“It is naive, I know, but you never think the unspeakable thing will happen to you. That is something that happens to other people. That is the accident you watch from the side of the road, unable to tear your eyes away from the mangled body in the street, a stranger, somebody’s mother, somebody’s daughter, somebody’s sister, somebody’s wife. Somebody’s beloved, but not yours. Never yours.”
Dates read: July 17-20, 2017
Rating: 7/10
What is “women’s fiction”? It seems to mean mostly books written by women with a primarily female audience in mind. It concerns things like relationships and marriage, family and friendships. Basically, it treats women and the things that are important to many of us as serious topics worthy of literary output. But there’s an undeniable prejudice against women’s lit: books by and about women are considered books for women, while books by and about men are considered books for everyone. Women are asked to think critically and empathize with the viewpoints of men, and that’s great, but why isn’t the reverse true?
I started thinking about my own bias about female-driven books when I read Too Fat, Too Slutty, Too Loud a while back, and I resolved to do better. And so I picked up Melanie Gideon’s Valley of the Moon, a book about time travel with a romance element. The story is told in alternating viewpoint chapters: that of Joseph, living at the turn of the 20th century in Greengage, a kind of commune in the Bay Area, and that of Lux, a single mother of a biracial child living in 1975 San Francisco and working as a waitress to make ends meet. Joseph’s community in the Valley of the Moon experiences the earthquake that rocked San Francisco in 1906, but in a very different way: they find themselves surrounded by a thick, poisonous fog, cutting them off completely from the outside world. Until one day, when Lux walks out of the fog and into their lives.
Lux, for her part, has just reluctantly shipped off her young son Benno to visit her estranged parents in New England for a month. She decides to go camp in the Valley of the Moon one night, and awakens to find herself surrounded by fog. She walks through, and meets Joseph, his wife Martha, his sister Fancy, and the rest of the people who make up Greengage. Joseph left his wealthy life in Europe and founded the community based on the principles his warm-hearted, egalitarian mother lived by: everyone works, and everyone’s work is valued.

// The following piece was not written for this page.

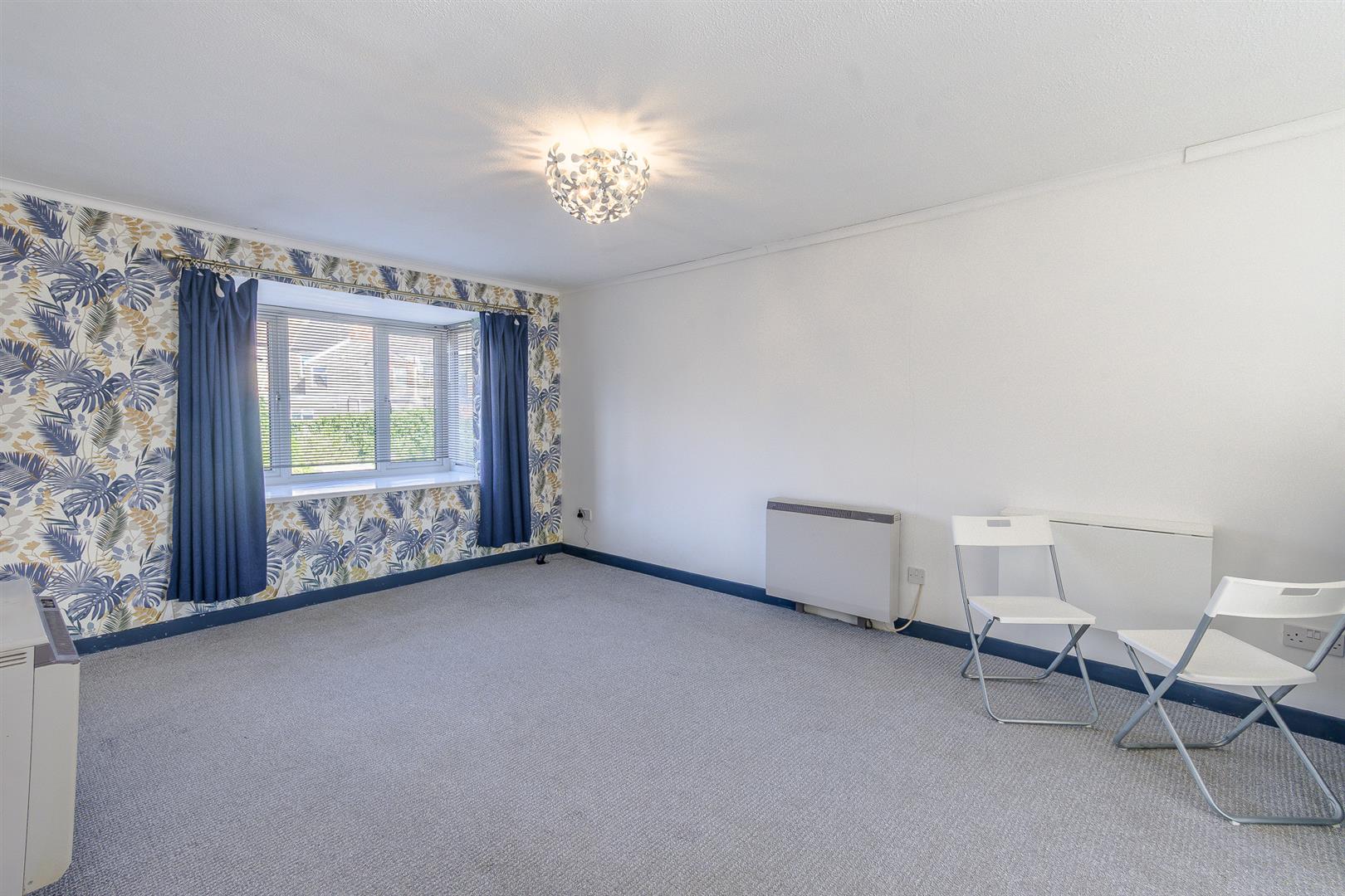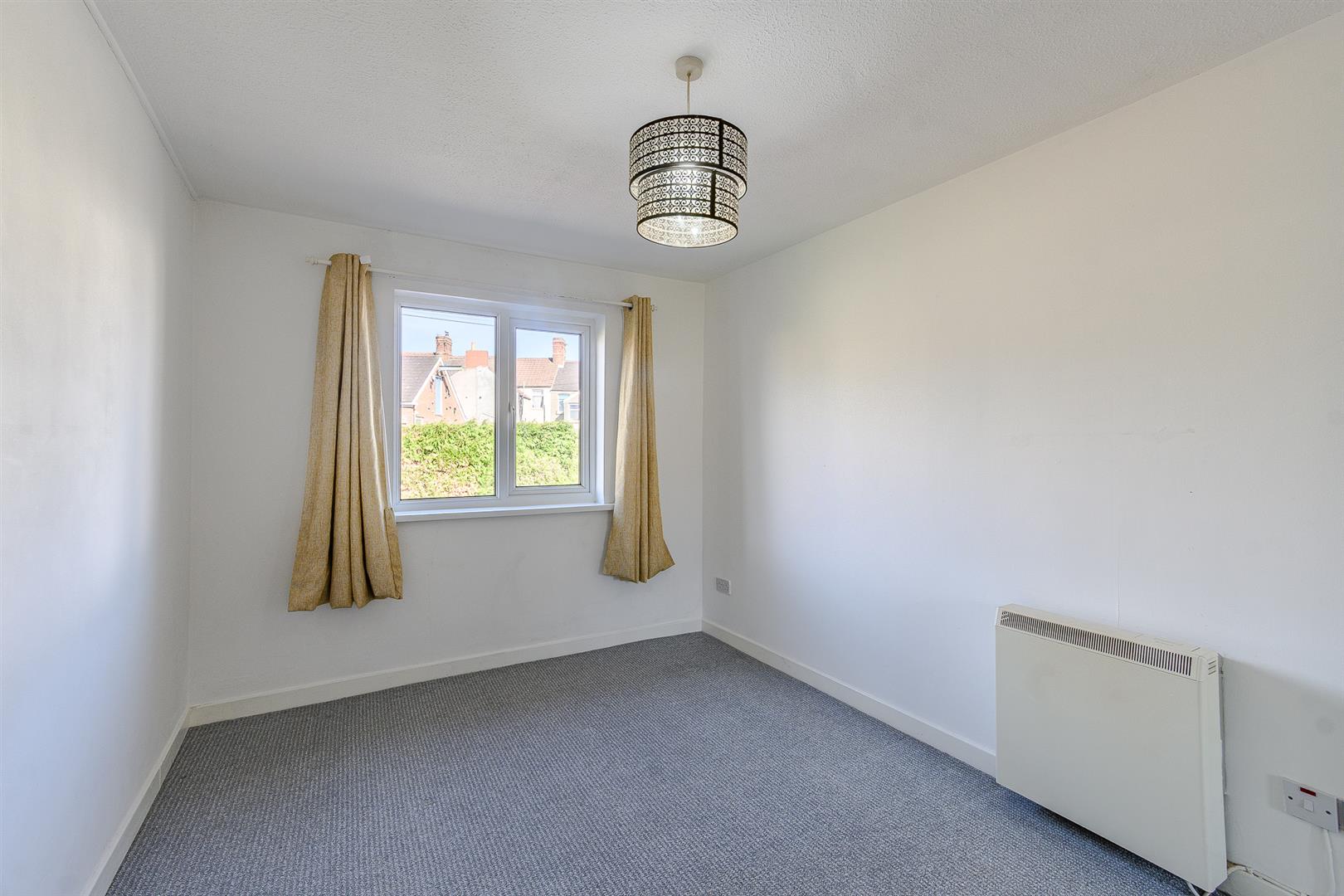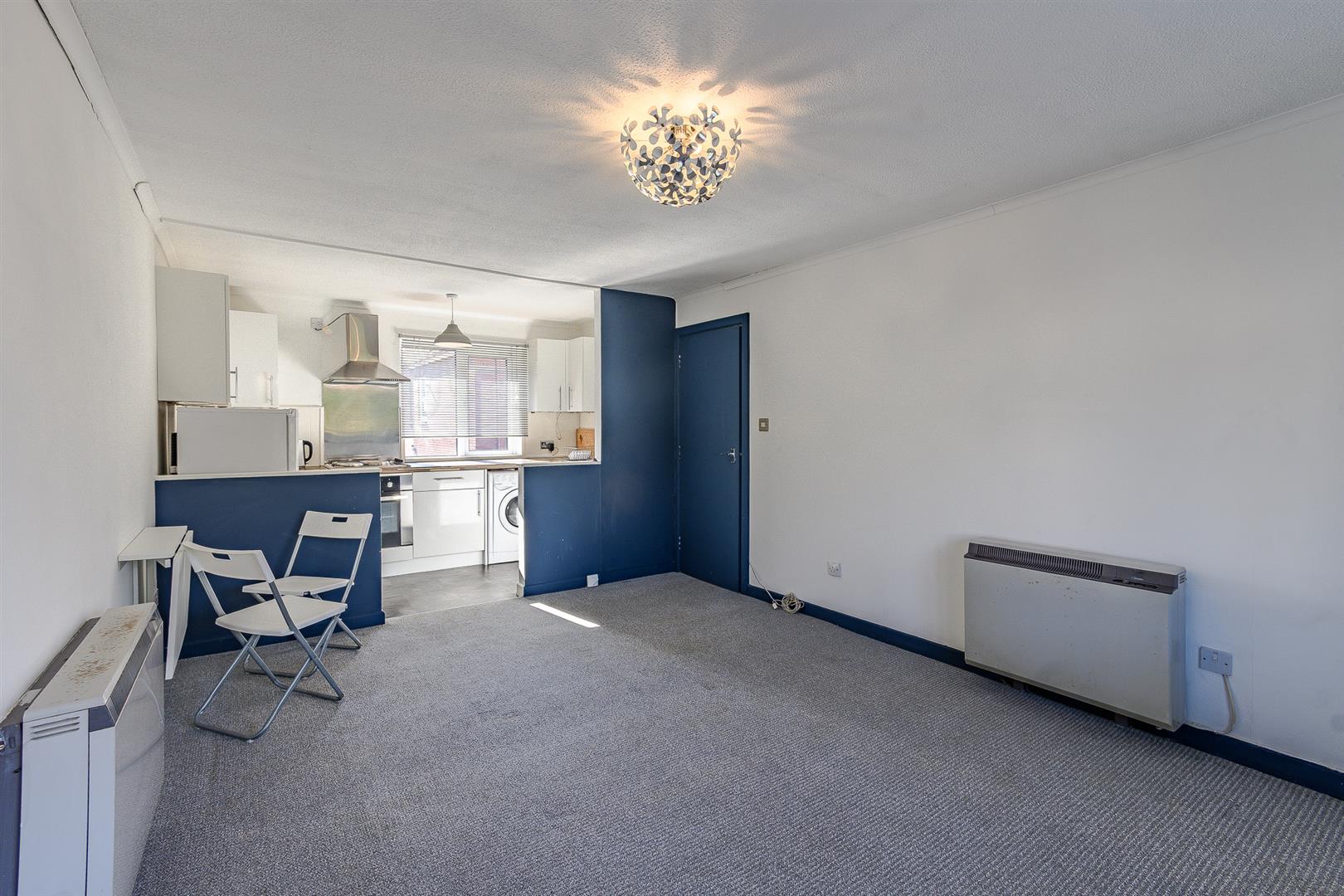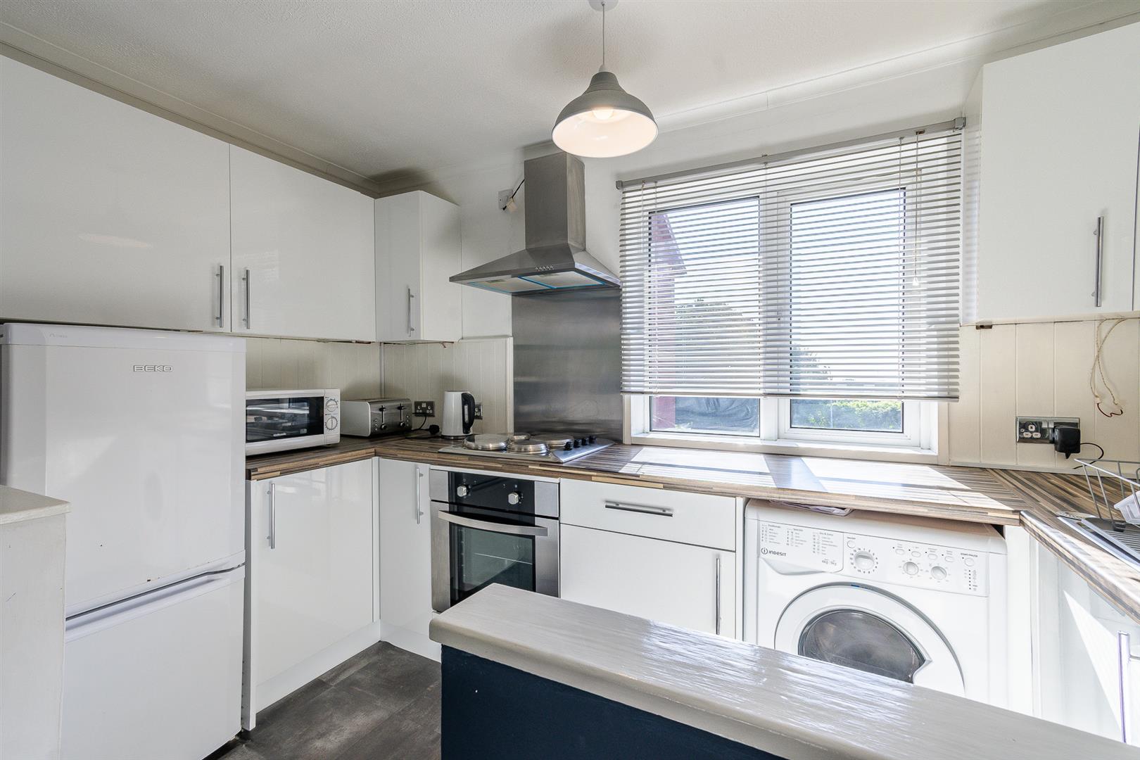 This open-plan space has a textured ceiling with coving, plastered walls, and fitted carpet flooring in the living area. It includes a wall-mounted electric heater and a UPVC double-glazed box window that overlooks the rear car park. The area opens into the kitchen, which is equipped with eye-level and base units, laminate work surfaces, and vinyl tile-effect flooring. Integrated appliances include an electric oven and an electric hob with a wall-mounted extractor fan and a stainless steel splashback. There is also a stainless steel sink with a mixer tap and drainer board, surrounded by splashback tiles and wood panelling. The kitchen has plumbing for a washing machine, space for a fridge-freezer, and a new UPVC double-glazed window overlooking the front aspect.

Lux finds herself enjoying her time in the past, and develops a rough estimate of how time passes in Greengage relative to the real world, allowing her to make periodic visits without being missed.
Well, mostly. Two major developments in the book stem from time working differently than it was “supposed” to. If you’re a reader who wants a logical explanation for the events of the books you read, this will likely be bothersome. But for me, I found it kind of refreshing that there was never any real attempt at an explanation of how or why the time travel happened or worked. It’s a device that can cause many a plot hole if there’s too strong an attempt to get into the mechanics of it, and I think that for all practical intents and purposes, you either have to buy into time travel in a story or put it down. Besides, Valley of the Moon isn’t trying to tell a story about particle physics or whatever it might be that would make time travel possible. It’s a story about two people, from two different times, building a connection.
The immediate comparison to be made for any time travel relationship story is The Time Traveler’s Wife. Which is a high bar to clear, because many people (myself included) really liked that book. And while this one isn’t as good, I was still surprised at how much I did enjoy it. It’s not the type of book I’m usually drawn to, but Gideon paints interesting, complex characters (particularly Lux) and tells a compelling story about them. I liked the way she handled the romance, neatly sidestepping the insta-love that drives me up the wall about a lot of books in the genre and instead giving it time to develop organically. I also liked that it wasn’t the most important element of the narrative: Lux’s relationships with her family, friends and co-workers, and her own personal development, are all given plenty of space to grow. This novel isn’t going to change anyone’s world, but it’s easy and pleasurable to read, and that’s what counts at the end of the day. I’d recommend it to anyone.
Tell me, blog friends…which genres do you shy away from that you think you should give another chance?